Then, NFIB released its “Optimism Index” on Tuesday, reflecting a continued erosion of small-business confidence. Spiraling inflation was top of mind for respondents in that survey.

And that’s all just a stage setter for the damage the 2023 Legislature could do. For a lot of Colorado’s small businesses, Gagliardi says, the Democrats’ consolidation of power in the Legislature in November only can bode ill. The self-styled party of the worker never has been known to champion those who create our jobs.

Gagliardi seems to see little hope: “None of this buffeting of bad news for small-business owners … will slow the so-called progressives now in firmer control of the Colorado Legislature after last election.”

Ruling Democrats are expected to introduce legislation implementing policies like “pay equity,” “joint employer” and “predictive scheduling” – all of which micromanage employers. The upshot is to increase the cost of doing business and tie employers’ hands.

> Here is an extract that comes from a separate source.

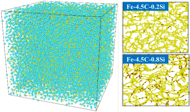 在操作調控方麵,項目組開發了包括原燃料粒度及性能管控、高風速大動能、渣(zha)鐵(tie)流(liu)動(dong)控(kong)製(zhi)及(ji)渣(zha)鐵(tie)排(pai)放(fang)管(guan)控(kong)的(de)爐(lu)缸(gang)活(huo)躍(yue)狀(zhuang)況(kuang)調(tiao)控(kong)的(de)係(xi)列(lie)技(ji)術(shu),促(cu)進(jin)鐵(tie)液(ye)滲(shen)碳(tan),提(ti)高(gao)鐵(tie)液(ye)碳(tan)飽(bao)和(he)度(du),為(wei)爐(lu)缸(gang)自(zi)修(xiu)複(fu)奠(dian)定(ding)基(ji)礎(chu)。在(zai)鐵(tie)焦(jiao)滲(shen)碳(tan)方(fang)麵(mian),通(tong)過(guo)高(gao)溫(wen)實(shi)驗(yan)和(he)分(fen)子(zi)動(dong)力(li)學(xue)模(mo)擬(ni),明(ming)晰(xi)了(le)鐵(tie)液(ye)滲(shen)碳(tan)路(lu)徑(jing)及(ji)鐵(tie)液(ye)組(zu)分(fen)對(dui)鐵(tie)液(ye)滲(shen)碳(tan)的(de)作(zuo)用(yong)機(ji)製(zhi),明(ming)確(que)促(cu)進(jin)鐵(tie)液(ye)滲(shen)碳(tan)的(de)影(ying)響(xiang)因(yin)素(su)。即(ji)增(zeng)加(jia)焦(jiao)炭(tan)灰(hui)分(fen)中(zhong)堿(jian)性(xing)物(wu)質(zhi),改(gai)善(shan)焦(jiao)炭(tan)灰(hui)分(fen)流(liu)動(dong)性(xing),增(zeng)大(da)鐵(tie)液(ye)-焦炭界麵的有效接觸麵積等,提高鐵液滲碳速率。適當提高鐵液中Si、Ti含量,降低S、Mn、P含量,提高鐵液碳飽和度。

Pay-equity policies force dissimilar job descriptions to pay the same wage in the name of “economic justice.” Joint-employer laws require employers to treat more cost-effective contract employees as if they were costlier company employees. Predictive-scheduling regulations undercut an employer’s ability to flexibly schedule workers and their shifts.

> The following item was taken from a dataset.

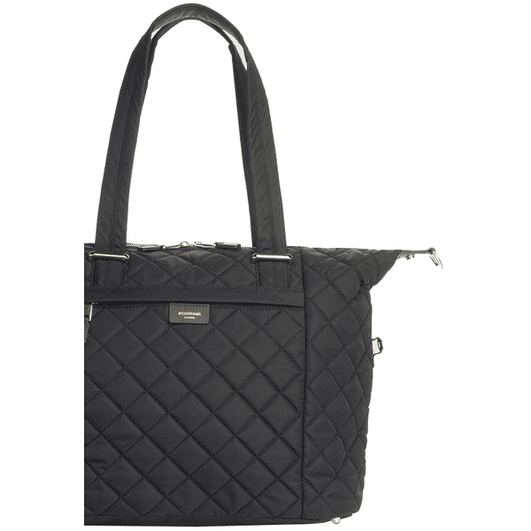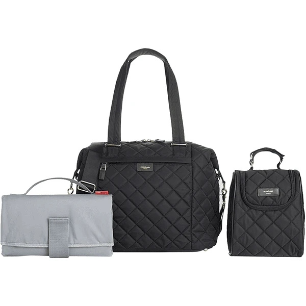Een brede opening die overgaat in een ruim binnengedeelte met tal van vakken waar je al je belangrijkste spullen kunt opbergen, waaronder een luxe en extra grote luierwisselmat met een opbergvak, een thermisch geïsoleerde zak voor etenswaren en flessen en een lange afneembare riem met geïntegreerde, gepatenteerde kinderwagenriemen.

Gagliardi says joint-employer and predictive scheduling “might as well be called the Fast-Food Restaurant Removal Act of 2023.” Just what Colorado’s hard-pressed restaurant industry needs – another gut punch from the General Assembly.

That’s not to say all of the ruling Democrats at the Capitol don’t appreciate the pressures facing Colorado’s small-business sector; some of the lawmakers even come from small-business backgrounds.

The problem is lawmakers’ failure to understand cause and effect – i.e., the real-world impact of their lofty intentions. It might feel good, for example, to require restaurants to give advance notice of shift changes to workers who are on call. But those kinds of businesses must be able to change staffing quickly from day to day, and even from morning to evening, to meet demand. Restricting that flexibility could cripple their operations.

Gagliardi could be right; a lot of that basic wisdom might fall on deaf ears in a party that never has been in sync with the needs of small business. But we’ll weigh in often, nevertheless, as the session progresses. Who knows? Maybe we’ll be in for some pleasant surprises.